All stores have their own sales cycles, which vary every six-to-eight weeks. The key is to know your store’s predictable cycle to make your purchases at their lowest price points. This information can be found in-store ads, on websites, or ask in the store. You can also find more discounts on certain items during the quieter morning hours.

Certain stores have coupon policies that allow “coupon stacking” meaning you can use both the store coupon and the manufacturer coupon. Retailers may give you twice the discount on whatever coupon you use or double couponing. Some stores will take competitor coupons.

 13. Use APPs, Coupons, Rebates, And Other Tools

Technology has evolved for the grocery shopper to save more money. The first coupon was created by the Coca-Cola company in 1887, providing a free sample of the one-year-old drink. The rebate coupon became popular though there have been skeptics. Craig has been an avid user of coupons for years and is a loyal shopper at certain outlets.

There are useful apps for saving money on groceries, notably using Ibotta, Checkout 51, Rakuten, among others. We can’t do full justice in this article for all the apps that can be used efficiently for savings and will do a standalone post soon.
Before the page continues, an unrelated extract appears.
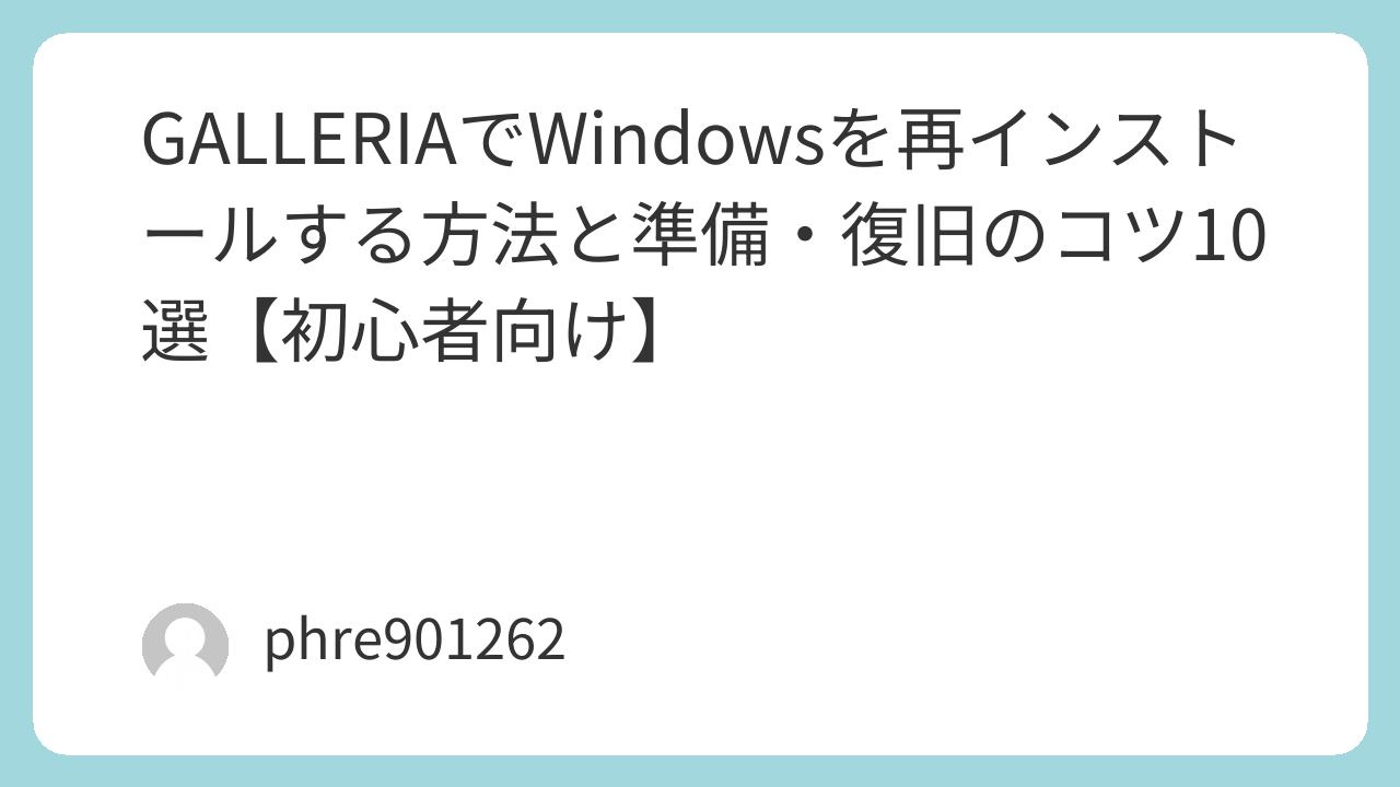 GALLERIAでWindowsを再インストールする方法と準備・復旧のコツ10選【初心者向け】

14. Grocery Owners Use Marketing Psychology

All retailers use behavioral psychology to form biases that cause us to spend more money than we should. We discuss cognitive and behavioral biases here.
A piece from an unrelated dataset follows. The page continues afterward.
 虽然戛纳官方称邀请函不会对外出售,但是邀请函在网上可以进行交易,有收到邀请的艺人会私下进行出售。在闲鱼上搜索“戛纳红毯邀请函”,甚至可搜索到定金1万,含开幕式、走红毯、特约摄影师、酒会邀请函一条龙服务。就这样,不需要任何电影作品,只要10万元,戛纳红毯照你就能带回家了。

Grocery store owners use their trickery to encourage us to meander and linger longer in the stores. That way, we will spend more money on higher-margin items, be attracted to colors like red sale signs, and use larger shopping carts than we need.

Here are just a few schemes they use:

Piping in easy listening Muzak to slow on our pace in the store and stay a little while longer.

Grocery store layouts encourage you to enter their stores by walking to the right, counterclockwise where revenues are slightly higher ($2 per trip on average). Most people, notably right-handed people, steer with their left hand and grab with their right hand. That is where the goods are. I am left-handed but conditioned to go in that same direction, right into the baked goods and produce area. Typical supermarkets want you to walk to the right pleasant smells, freshness, and beautiful colors.

The aisles are especially desirable places for retailers to want customers to go. There are displays in your way at the ends of the lane, which will be another way for customers to stay longer. Grocery owners fill their shelves with their higher-margin products on the shelves at eye-level. Manufacturer fight for this space and pay slot fees for desirable space.

15. Bigger Shopping Carts

The average family size in the US has not increased, and oddly the proportion of our spending on food has decreased to below 10% of income from far higher decades ago. So why has our shopping cart tripled since 1975?

Marketing consultant Martin Lindstrom has said that retailers tried doubling the size of the shopping cart as an experiment, resulting in shoppers spending 40% more on merchandise. Ever carry one of those little baskets? They can hurt and cause black and blue marks at least on my arms.

The giant carts are subliminally causing us to shop and spend more.

16. Order Online And Pickup Your Packages

New research reported that more than two-thirds of shoppers are buying online pick up in-store (BOPIS) for the first time, and more than half are spending more when doing so. The numbers were highest for April 2020. Even as grocery stores opened in May and June, they were at limited capacity.   

Still, online grocery shopping has some lasting benefits. You are less likely to purchase impulsively, more comfortable to compare prices, contactless payments, and more time-efficient.


Final Thoughts

There are many ways to save money when grocery shopping. Our lifestyle has changed due to the pandemic, causing us to reconsider how we make purchases. We may realize lasting benefits as we improve our financial habits and time management. Buying groceries is a prime example of how we can save time, money, and become more healthy.